AUTUMN FERNDryopteris erythrosoraThis is my favorite fern.  They grow 1-3′ tall, preferring rich, evenly moist soil and dappled light to full shade.  The young fronds emerge a coppery bronze and change to a glossy deep green as they mature.  New fronds continue to emerge throughout the growing season, so there is always some contrast between the young and mature fronds.  When they are happy, Autumn Ferns will spread to form a dense colony.  BONUS: these ferns are evergreen, and continue to look fresh long past frost.  Tidy them up in spring before new growth emerges to keep them looking their best.  ‘Brilliance’ is even showier than the species with brighter copper coloring

OSTRICH FERN, Matteuccia struthiopteris cvs:  Ostrich fern is a stately addition to shady gardens with minimal exposure.  These ferns have tall (3+’), medium/light green, erect, delicate fronds that are particularly suited to deep shade and moist fertile soils.  As they mature, the black root stock begins to rise above the soil level.  Never attempt to shorten the root stock, this procedure generally kills the plant.  Working with these ferns over the years, I’ve found them to burn out in August unless grown in deep shade, with constant moisture.  The fronds are also prone to easily breaking, so they are best used in the back of the shady garden, where they are less likely to get damaged.  Try ‘The King’ in areas where burning out is a concern; this cultivar seems to do better than the species in dappled light.

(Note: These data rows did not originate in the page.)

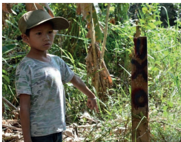
Muangchan village. After RE session, a child reports an UXO he had identified when hunting rats.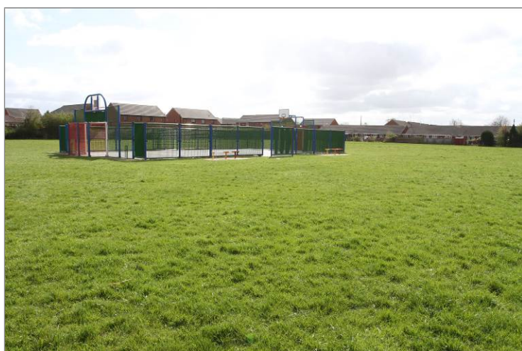
Plate 9. Park Avenue playing field, Saltney

As well as requiring maintenance tree planting schemes will require long term grounds maintenance regimes to be revised. Areas of mown grass can be cut with tractor driven machinery to within 5m of trees with a longer grass sward left underneath trees cut once or twice a year if desired. Where it is necessary to maintain regular mowing adjacent to a tree small ride-on cutting machinery can be used. Under no circumstances should grass trimmers be used at the base of trunks because this inevitably causes damage.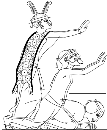
Figure 1.1. A second-millennium-BC Egyptian image of homage on limestone from the necropolis at Thebes

The prostration expressed by hištaḥāwā and other similar words was not limited to the worship of the Deity. In the ancient world and many cultures today, lower-class individuals would customarily prostrate before social, economic, and political superiors. 41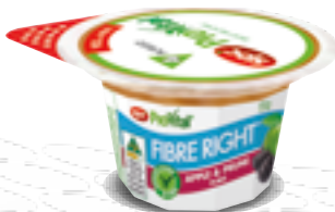
Apple & Prune 120g x24 #01708770592x

ROYAL FERN, Osmunda regalis:  These ferns are a New England native, performing well in moist, fertile soils in dappled to deep shade.  Depending on conditions, they will grow between 2 and 5′ tall with a loose spreading habit.  Royal ferns have a unique look among ferns; the fronds have leaflets that are much rounder than others, resembling plants in the pea family.  Their fertile fronds rise above the foliage, contrasting with the medium green leaves.  Like ostrich ferns, these ferns will form a root stalk as they age that should not be disturbed with pruning of any kind.

JAPANESE TASSEL FERN, Polystichum polyblepharum:  I’ve always admired this evergreen fern for it’s glossy green leaves and rounded habit.  In our garden it forms adjoining clumps that are 2′ tall and about 3′ wide.  We leave the foliage until spring to clean up, trimming it off before new fronds emerge.